2

We are working on a simple login/registration form. Our login script checks to see if the username and password exist in the same row of the database. If it does exist, we bring the user to a welcome page.

However, our problem lies when we check to see if the password exists in the database because we have applied the password_hash() function to the user submitted password. This encryption method is one-way and not reversible (to my knowledge). Here is the code for the login script:

<?php 
//will correspond with 'loginLogin.html page
require("opendboLogin.php");
$user = $_POST['username'];
$password = $_POST['password'];

$stmt2 = $conn->stmt_init();
$stmt2 = $conn->prepare("SELECT * FROM login WHERE alogin = ? AND apassword = ?"); 
$stmt2->bind_param("ss", $user, $password);
$stmt2->execute();
$stmt2->store_result();
$numberofrows = $stmt2->num_rows; //this is an integer!!
$stmt2 -> close();

if($numberofrows > 0) //if username and password combination exists in a row 
{ 
    echo 'login successful!';
}
else
{
    echo 'Incorrect username and/or password, dumbass!';
}
?>

I was thinking perhaps we could encrypt the password AGAIN inside this script and see if the two hashes match, however the encryption changes each time regardless of whether the same exact password was hashed!

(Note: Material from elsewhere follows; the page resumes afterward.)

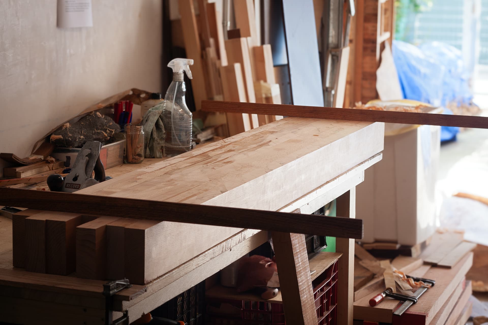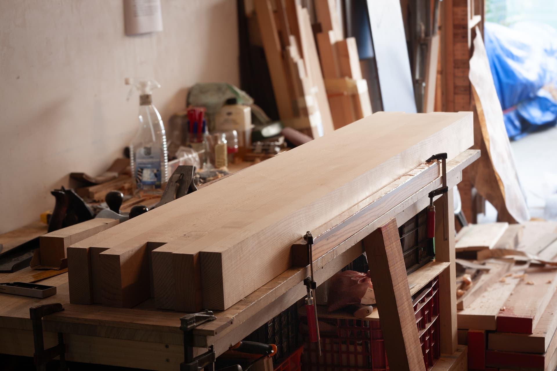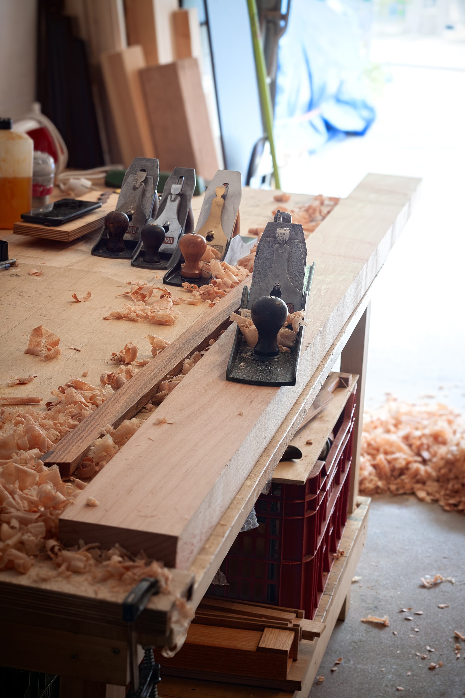 Gran parte de todo esto fue hecho a mano, pero usé una sierra de mesa para eliminar la anchura sobrante de los tablones y mi regruesadora para quitar 4mm rápidamente en las tablas de haya de la tapa, que igualmente tuve que retocar extensamente a mano porque mi regruesadora es malísima y deja torceduras, tripas y marcas. El 90% (o más) del tiempo empleado fue trabajando a mano.

As of right now the username/password combination will never exist and will always hit the last "else" statement. Any ideas how to check for the correct username/password combination?

8

Attempt to fetch the user record based on the username (but use LIKE instead of = so that case doesn't matter. Usernames should not be case sensitive.

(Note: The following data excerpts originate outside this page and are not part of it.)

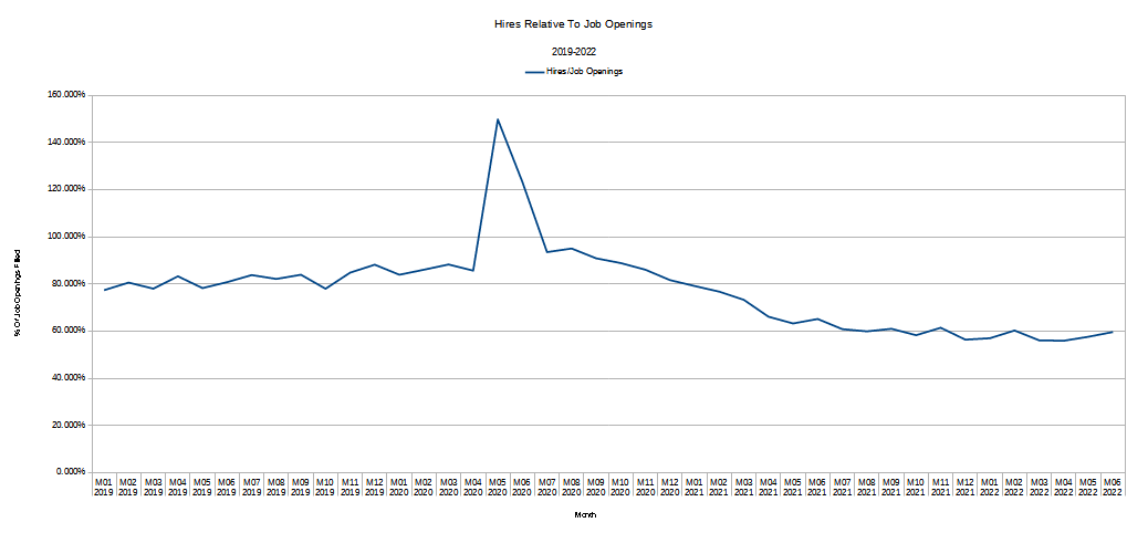 How do 528,000 jobs get created when the number of hires relative to the number of job openings has been below 60% for the past four months?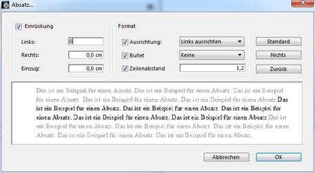 Im Dialogfenster „Absatz“ können Sie verschiedene Einstellungen für einen Absatz definieren: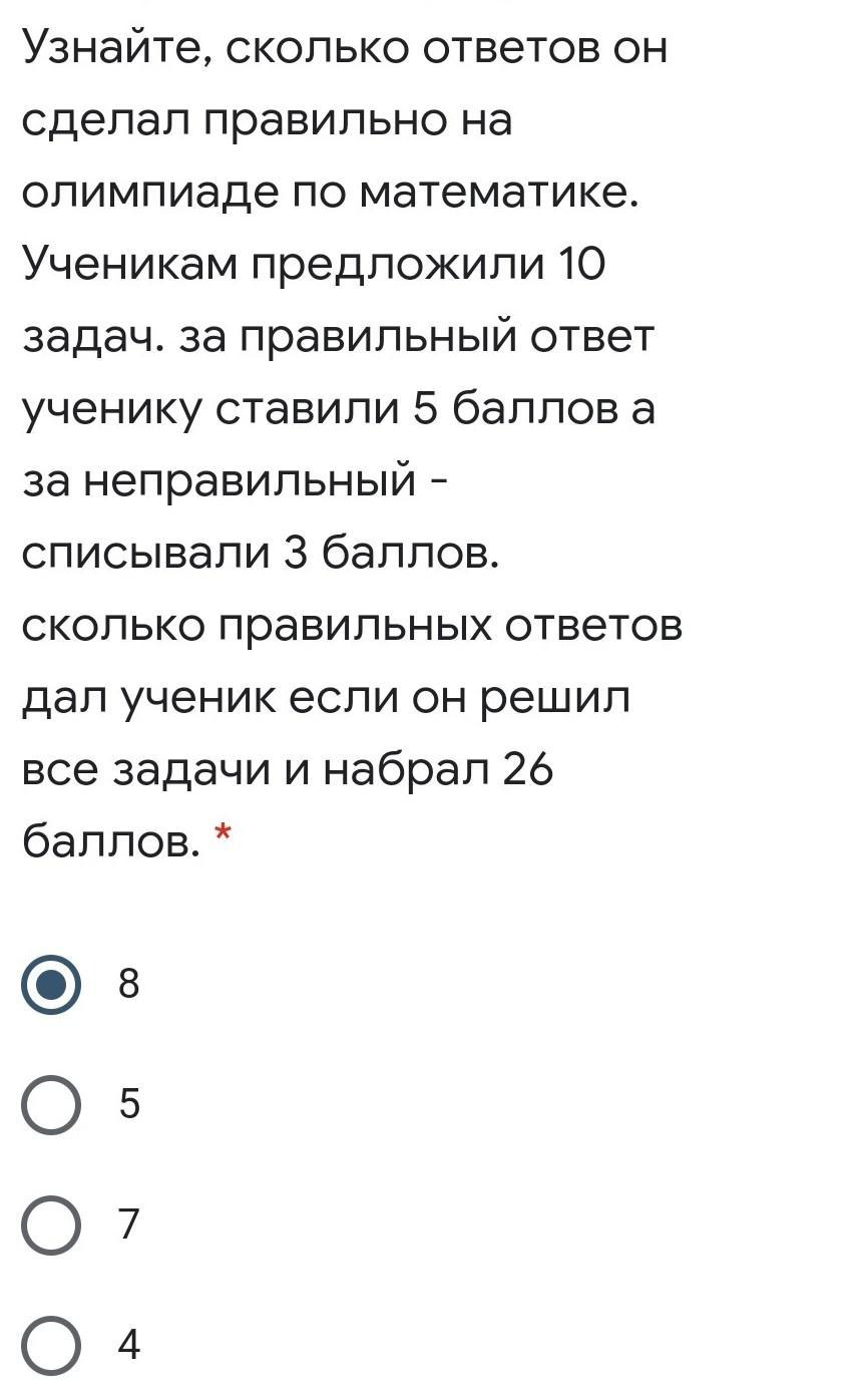 Ответ: 7. 7×5=35 ( правильных). 3×3=9 (неправильных). В результате 35-9=26 баллов

If you managed to fetch a user record (then the user exists) and you can compare the passwords to validate the login.

About password security

Store the passwords using a function like password_hash() so that they're far more secure than being stored plain text (a huge no-no). This will generate unique salt each time so yes the hash will be different each time. Don't worry about that.

To validate the password the user is logging in with against the stored password, use password_verify() and pass it the password they posted and the stored hash from the database. The function will take care of the salt and comparison. This is the function that I think you might've missed when reading about password hashing.

Bonus

After successful login you should check to see if the password needs re-hashed (over time the "cost" of the algorithms are updated). Simply pass the stored hash to password_needs_rehash() to see if you should re-hash and re-save the password.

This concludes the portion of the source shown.